Custom word boundaries
Unicode text has many more potential word boundaries than 8-bit encodings, including 17 space separators, and the full width comma. This solution allows you to customize a list of word boundaries for your application.
Better performance
Have you ever benchmarked the mb_*
family of PHP built-ins? They don't scale well at all. By using a custom nextCharUtf8()

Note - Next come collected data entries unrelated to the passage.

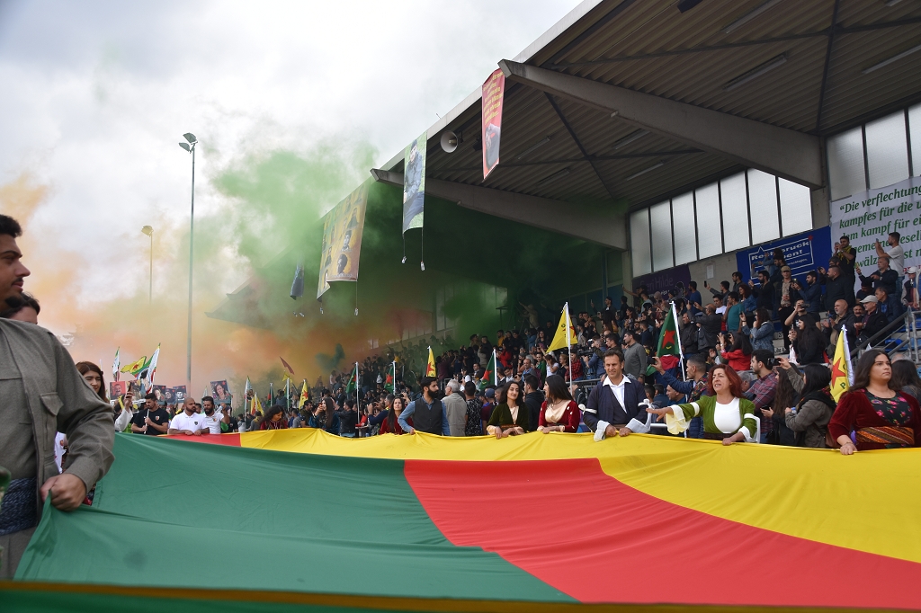 Kürt ve Enternasyonelist gençlerden oluşan bir kortej ve katılımcıların başta Tüm Devrim Şehitleri anısına bir dakikalık saygı duruşunun ardından kortejde ellerinde Şehitlerin fotoğrafları, Halklar Önderi Abdullah Öcalan bayrakları ,YPG-YPJ bayrakları ile yürüyüşe geçti. Yürüyüş esnasında sık sık Devrim şehitleri adına, Halklar Önderi Abdullah Öcalan adına ve Solidarität sloganları atıldı.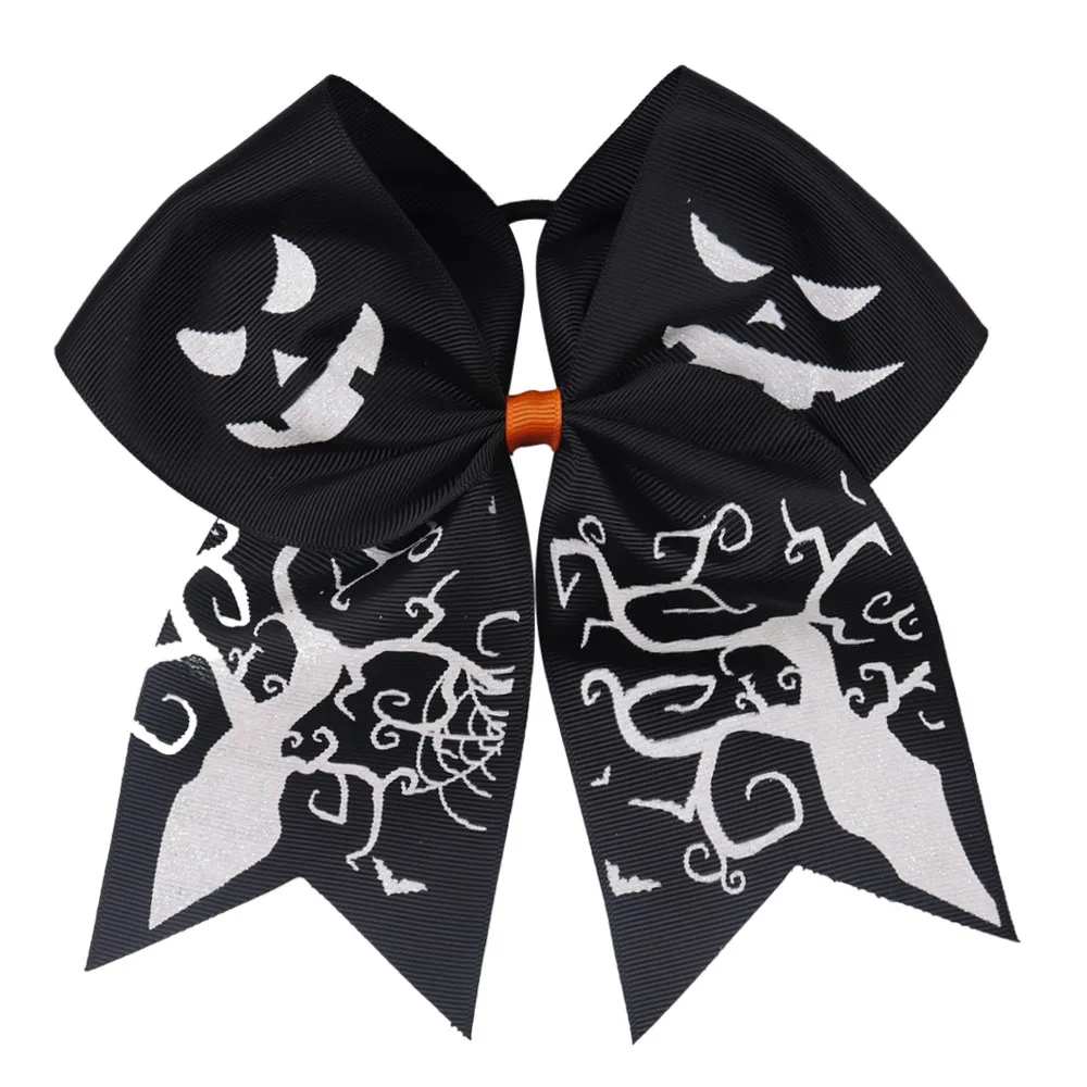 7 "Cheer банты Тыква печатные ленты банты для волос девушки Хэллоуин Вечеринка бант лента для волос ручной работы галстук для волос конский хвост аксессуары для волос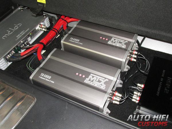 С другого торца усилителя MTX TX480D размещены разъемы подключения по входу высокого уровня, RCA разъемы для подключения по сигналу с выходов предусилителя, а также фишка для подключения внешнего вентилятора, питание на которую подается при нагреве усилителя до 80 градусов по Цельсию. Регулировки кроссовера позволяют обрезать частоты отдельно для каждой пары каналов, сверху или снизу с плавным выбором частоты от 40 до 400 Гц. с крутизной спада 12 дБ.

, we can do the same job, but orders of magnitude faster, especially on large strings.
<?php
function wordWrapUtf8(
string $phrase,
int $width = 75,
string $break = "\n",
bool $cut = false,
array $seps = [' ', "\n", "\t", ',']
): string
{
$chunks = [];
$chunk = '';
$len = 0;
$pointer = 0;
while (!is_null($char = nextCharUtf8($phrase, $pointer))) {
$chunk .= $char;
$len++;
if (in_array($char, $seps, true) || ($cut && $len === $width)) {
$chunks[] = [$len, $chunk];
$len = 0;
$chunk = '';
}
}
if ($chunk) {
$chunks[] = [$len, $chunk];
}
$line = '';
$lines = [];
$lineLen = 0;
foreach ($chunks as [$len, $chunk]) {
if ($lineLen + $len > $width) {
if ($line) {
$lines[] = $line;
$lineLen = 0;
$line = '';
}
}
$line .= $chunk;
$lineLen += $len;
}
if ($line) {
$lines[] = $line;
}
return implode($break, $lines);
}
function nextCharUtf8(&$string, &$pointer)
{
// EOF
if (!isset($string[$pointer])) {
return null;
}
// Get the byte value at the pointer
$char = ord($string[$pointer]);
// ASCII
if ($char < 128) {
return $string[$pointer++];
}
// UTF-8
if ($char < 224) {
$bytes = 2;
} elseif ($char < 240) {
$bytes = 3;
} elseif ($char < 248) {
$bytes = 4;
} elseif ($char == 252) {
$bytes = 5;
} else {
$bytes = 6;
}
// Get full multibyte char
$str = substr($string, $pointer, $bytes);
// Increment pointer according to length of char
$pointer += $bytes;
// Return mb char
return $str;
}